Yoga Pose of the Week – Focus on the Ankles, Hips and Groin

Do you find yourself uncomfortable in the bottom of a squat? Unable to keep your heels down at the bottom, or get low? This yoga pose is for you!

Our featured pose of the week is a deep yoga squat (Malasana). You may be thinking, how can a squat be part of my stretching routine when I do squats for strength? Well, holding the bottom position of a squat is mobility work in itself!

Your position in the deep yoga squat may differ slightly from your regular squat stance at the gym. For this squat, you can relax into the bottom a bit more, rather than stay completely active through the core and legs. Also, the knees may be wider than in your gym squat, since we are working to stretch the groin and hips. Since you likely won’t have shoes on, you are also working your ankle dorsiflexion much more than you would when squatting in your workout.

Overall, there are so many benefits to the deep yoga squat. Stretching the ankles, hips and groin are some of the key targeted areas.
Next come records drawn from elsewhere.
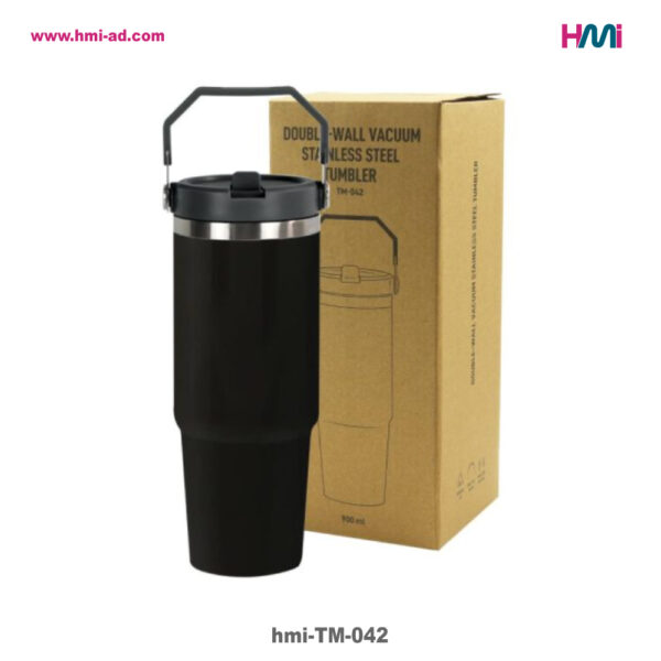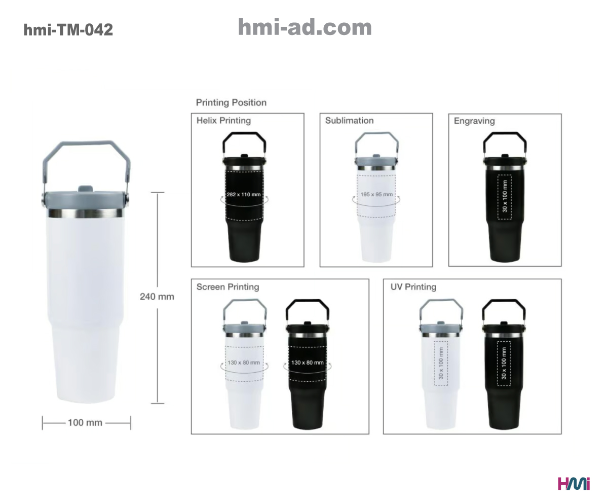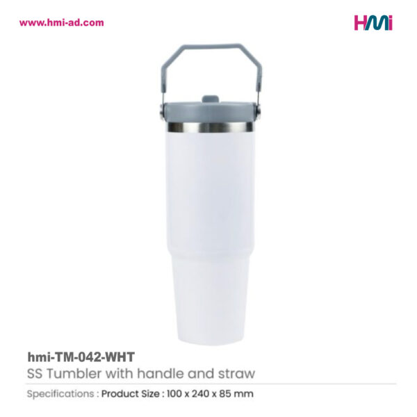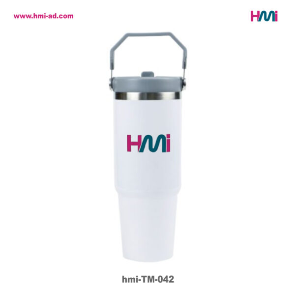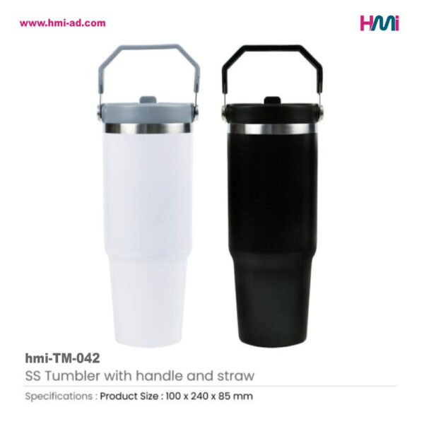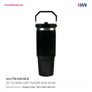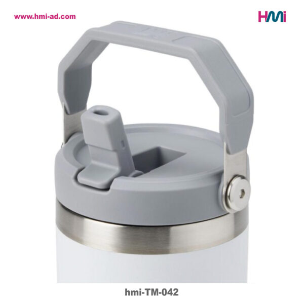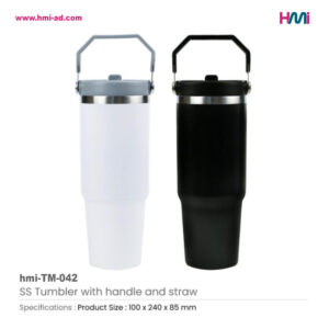 Tumbler in stainless steel double-wall vacuum insulated tumbler with flip-straw Lid and carry handle. The customized vacuum-insulated tumbler is ideal for keeping your beverage hot for hours. These tumblers are durable as they are made with premium quality, stainless steel material. They also come with a double wall design to maintain the freshness and taste of your drink.
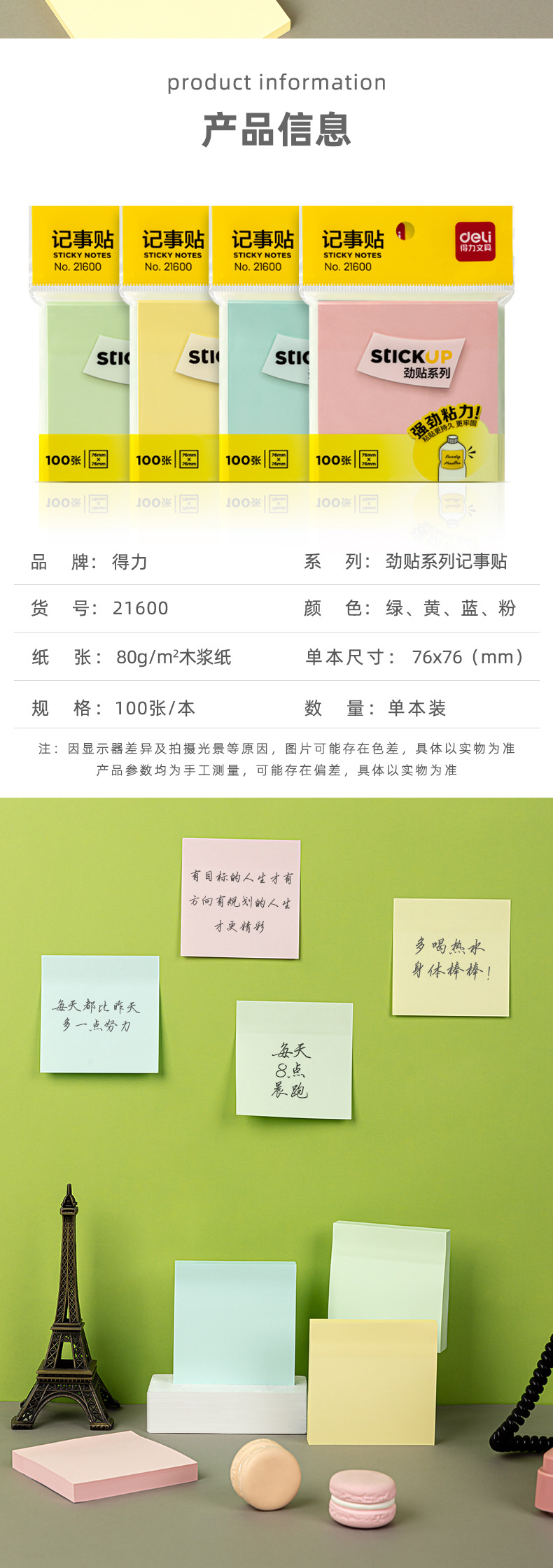 델리 컬러 포스트잇 노트 학생 사무실 노트 포스트잇 노트 포스트잇 노트 강력한 접착 문구스토어 가기
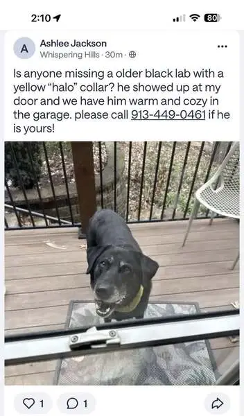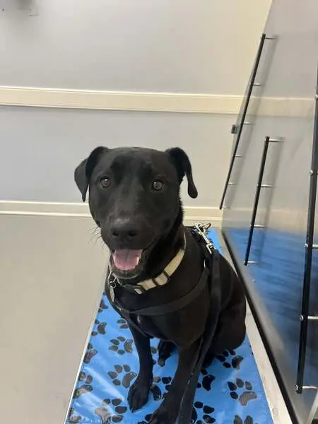 Black lab/pointer mix with white stripe down his chest with black spots. He got out of our gate first thing in the morning. No collar but is chipped. Very sweet boy.
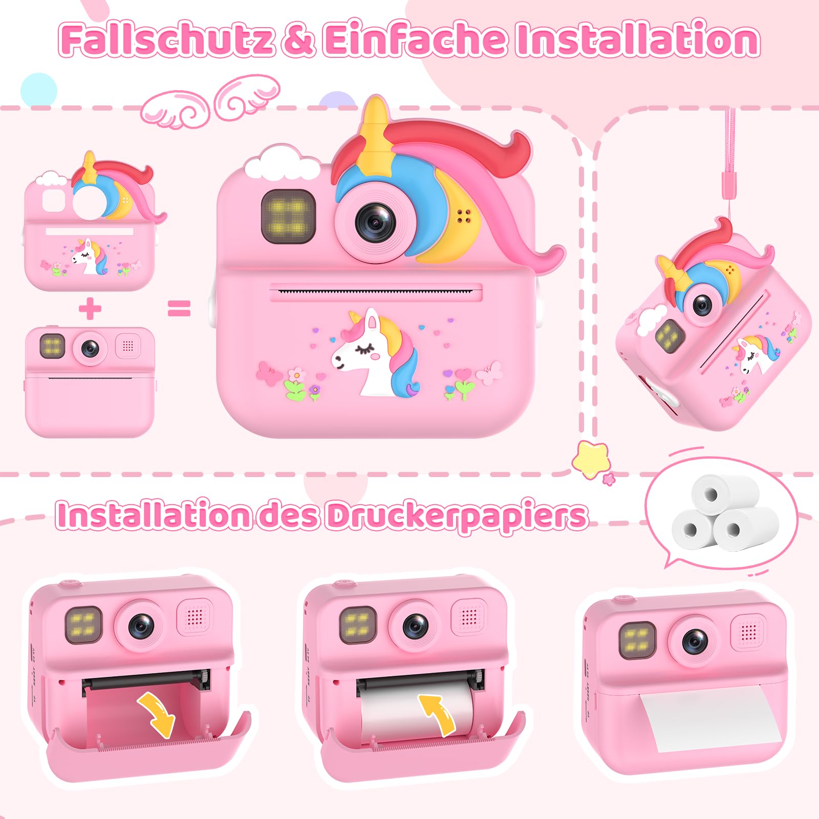 Fippesax Sofortbildkamera Kinder, 1080P HD Kinderkamera mit 32-GB-Karte, 48MP Selfie Kinderkamera Sofortbildkamera, Kinderspielzeug Einhorn Geschenke für Mädchen & Jungen von 3-12 Jahren
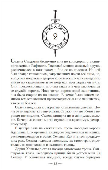 Оставить отзывПобедив в жестком состязании, Селена Сардотин, самая известная женщина-ассасин в Ардаланском королевстве, получает титул королевской защитницы. Эта должность почетная и опасная, ведь душа короля чернее смолы, а его железная рука не знает пощады.
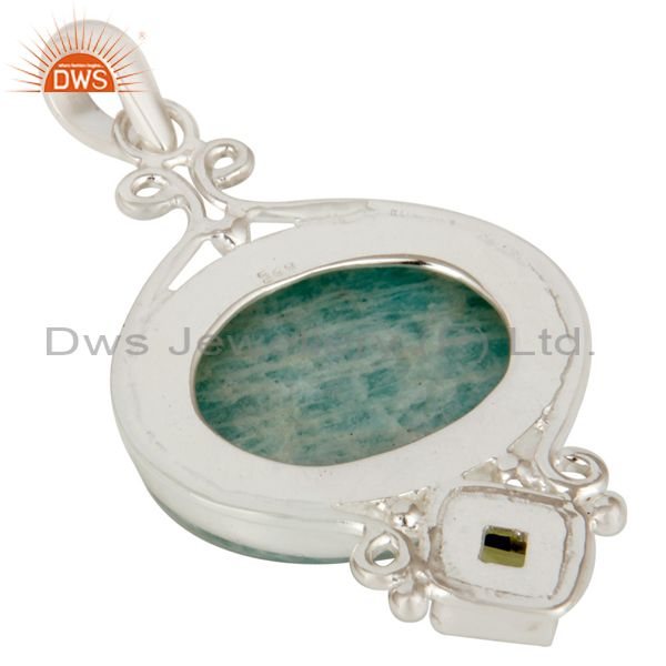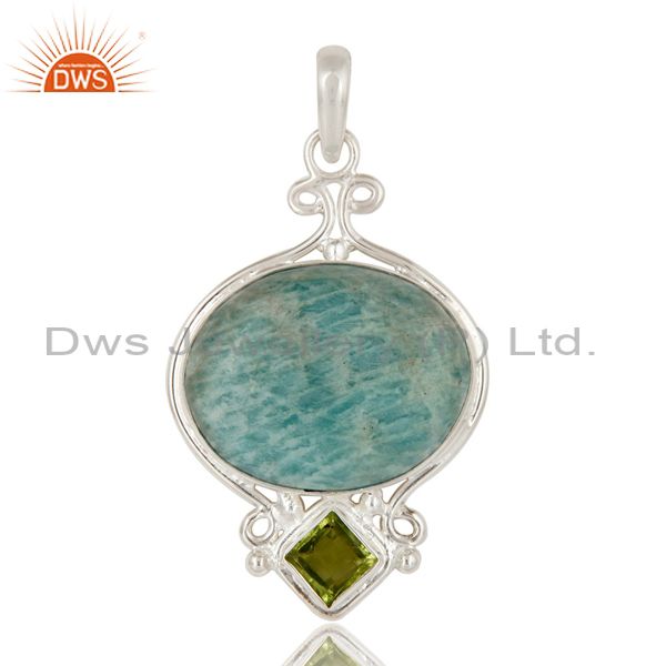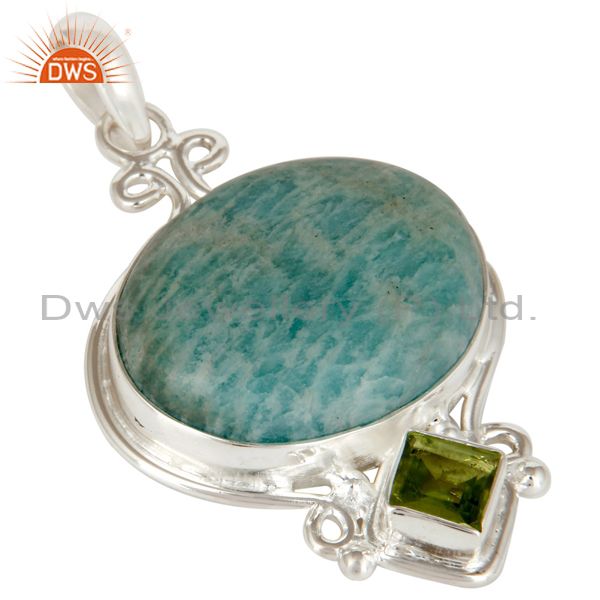 Natural Amazonite And Peridot Solid Sterling Silver Gemstone Designer Pendant

Also, strengthening the back as it stays upright in this somewhat uncomfortable position, which can actually help with low back pain.


  • Find a stance with your feet just wider than your hips, toes facing slightly out.
  • Next, bend your knees and sit your hips down, as far as you can.
  • If your heels come off the ground as you squat, you can sit on a block, or pillow to keep the heels rooted down.
  • Keep your back as straight as possible without rounding forward.
  • Bring the palms together at your chest and use your elbows to gently press your knees away, intensifying the stretch.
  • Breathe deeply and hold this pose for about 1-3 minutes.
  • To come out of this pose, activate the legs and slowly stand all the way back up.


  • You can place your hands on the ground or a block/wall/table in front of you for more support.
  • If your heels really want to come off the ground, you can roll up a yoga mat or blanket to place underneath them, eventually working to lower the hips and keep the heels down as long as possible.
  • Play around with your stance. Find what is most comfortable to you, and where you feel the most stretch.
  • If you feel pain, pull back and raise the hips.

Give this pose a try, it has lots of carryover to strength work and proper form in the gym!